There was a moment’s silence while she appeared to consider how to answer him. And finally she forced her hand onward. Forcing herself to relax. Seemingly forcing herself not to slap him.
‘This lobster isn’t as good as I thought it would be,’ she said. ‘I think we should finish it fast and go home.’
She showered and went straight to her bedroom, and he didn’t blame her. He’d messed it. He shouldn’t be sorry, he decided-after all, her actions six years back were unforgivable and she should never be allowed to forget them-but all the same…
He showered himself, and did a ward round, and tried to do some paperwork, but all he could think of was the look of blind pain as he’d accused her.
But you used other things to make up for it.
It had been an appalling thing to say.
It was the truth. She’d killed his twin.
No. Grant had been in it up to his neck. The accident report had said that Grant had obviously been drinking. They hadn’t breathalysed him because he hadn’t been driving, but it had been clear. That was probably why he hadn’t had the sense to agree to X-rays, and it was certainly why he’d been stupid enough to allow a clearly drug-influenced Sarah to take the wheel.
Could he ever stop thinking about it? He must. He had work to do.
He had a life to live.
The phone call came through at about nine-thirty and Alistair called Sarah out of her bedroom to take it. She’d obviously decided sleeping naked in this house was a bad idea. She emerged wearing pale pink pyjamas-cute ones-and fluffy slippers. Her pyjamas had clouds all over them, and her soft auburn hair swished against the silk of her pyjamas as she stalked past him to take the phone.
He was being sent to Coventry, he realised and thought suddenly that Sarah was really cute when she was angry.
She was also businesslike. She had a pad and pencil in her hand as she emerged. The call was from the crime squad in Sydney-the team who’d done the cross-matching of locals with criminal records for her. The call took a while, and her notes were extensive at the end of it.

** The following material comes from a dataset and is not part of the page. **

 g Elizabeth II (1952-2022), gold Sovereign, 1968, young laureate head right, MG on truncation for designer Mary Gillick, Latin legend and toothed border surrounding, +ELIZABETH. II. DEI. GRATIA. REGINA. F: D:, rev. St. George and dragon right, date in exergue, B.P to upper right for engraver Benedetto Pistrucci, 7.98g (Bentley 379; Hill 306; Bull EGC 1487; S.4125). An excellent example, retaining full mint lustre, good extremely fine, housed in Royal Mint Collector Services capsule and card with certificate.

Alistair was brushing the sand out of Flotsam’s coat while she talked, trying not to listen. Trying not to think how cute she looked. She put down the phone and started back for her room.

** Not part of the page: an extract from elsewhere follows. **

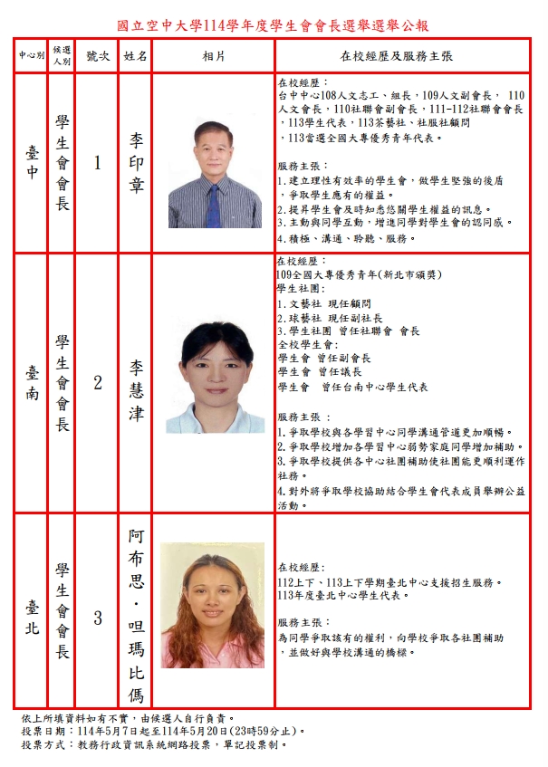 二、選舉人:為本學期有選課繳費之空大全修生及專科生(不含選修生), 同時兼具「空大全修生」及「專科生」雙重身分者,電腦設定為「空大全修生」身分上網投票。
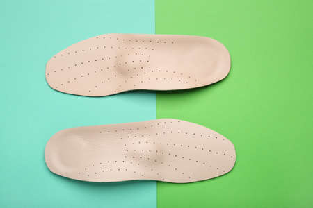 Foot support and healthy feet concept with orthopedic shoe insoles isolated color background

‘Can I help?’ he said softly, and she hesitated. But he knew she needed help, regardless of the fact that neither of them wanted to be near each other.
‘You have a list of locals with some sort of police record,’ he told her. ‘That’s no use at all without local knowledge. I have a lot more of that than Barry does.’

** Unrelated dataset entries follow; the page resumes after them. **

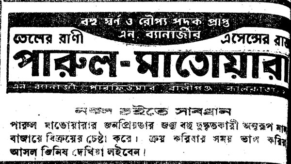 আবার, এই সময় থেকেই জাতির কাঁধে জাঁকিয়ে বসছে ক্রিকেট আর সিনেমা। বাড়ছে খেলার সরঞ্জামের বিকিকিনি আর চিত্রতারকার মতো রূপলাবণ্যের প্রসাধন। নামগুলোও চমৎকার। পারুল মাতোয়ারা এসেন্স (যার বিপুল জনপ্রিয়তার কারণে বাজারে নকল বেরিয়েছে), প্যারিস হেয়ার কার্লিং লোশন (তিন দিনেই চুল কোঁকড়াইতে শুরু করে ও প্রত্যহ স্নান করিলেও নষ্ট হয় না। বম্বের তারকারা ব্যবহার করেন)।
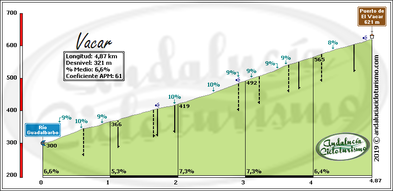 Salta a la vista que la subida a El Vacar no es ningún coloso ni nada comparable. A duras penas podríamos decir que se trata de un puerto de segunda y no de tercera categoría. Pero ello es tan cierto, como que sus casi cinco kilómetros obsequian al cicloturista con una terraza de espaciosas vistas.
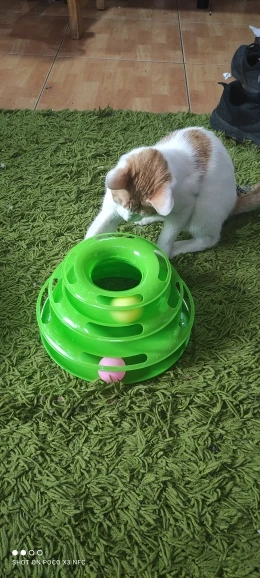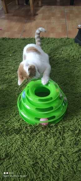 Кошка не играет, я думаю если в детстве не играла с мячиком, то в эту игру не будет

She sighed and swung round to face him. Her gorgeous hair swished against the silk again. He shouldn’t even be thinking how beautiful it was-but it was-and he was!
‘I’m not supposed to show lists of criminal convictions to you. It’s unethical.’
‘You’d rather go through them with Barry?’
‘No.’
‘Well, then. What use is a list of possibilities without local knowledge? I know where they live, whether they’re dead or not, whether there’s anything to say they can’t be involved.’
She hesitated.
‘Go on,’ he said, frustrated. ‘You know you need to. If we get this over then we can go back to hating each other afterwards. Agreed?’
She glared-but she was obviously stuck. He had a point and she obviously knew it. ‘Fine,’ she said at last. ‘Can we go through them now?’
‘I’m ready when you are. Shall I make some tea?’
‘I’ll make my own tea,’ she snapped. ‘I’m here to work. Nothing else. Tonight was a big, big mistake. Work or nothing, Alistair. Right?’
‘Right.’
So they sat and went through the list. One after the other. And somehow they kept their minds on the job at hand. Somehow.
Luckily there were things on the list that were really distracting.
‘Hilda Biggins has a criminal record?’ Alistair stared down at the list, astounded. ‘She’s the head of the Country Women’s Association. I’d have sworn she’s never had so much as a parking ticket in her life.’
‘It says here she stole four bricks from a building site when she was a student,’ Sarah told him. ‘Thirty years ago. I bet she used them to make bookshelves or something really minor, and here it is, still showing up thirty years later. What a way to get a conviction. It’s probably shocked her into leading a blameless life since.’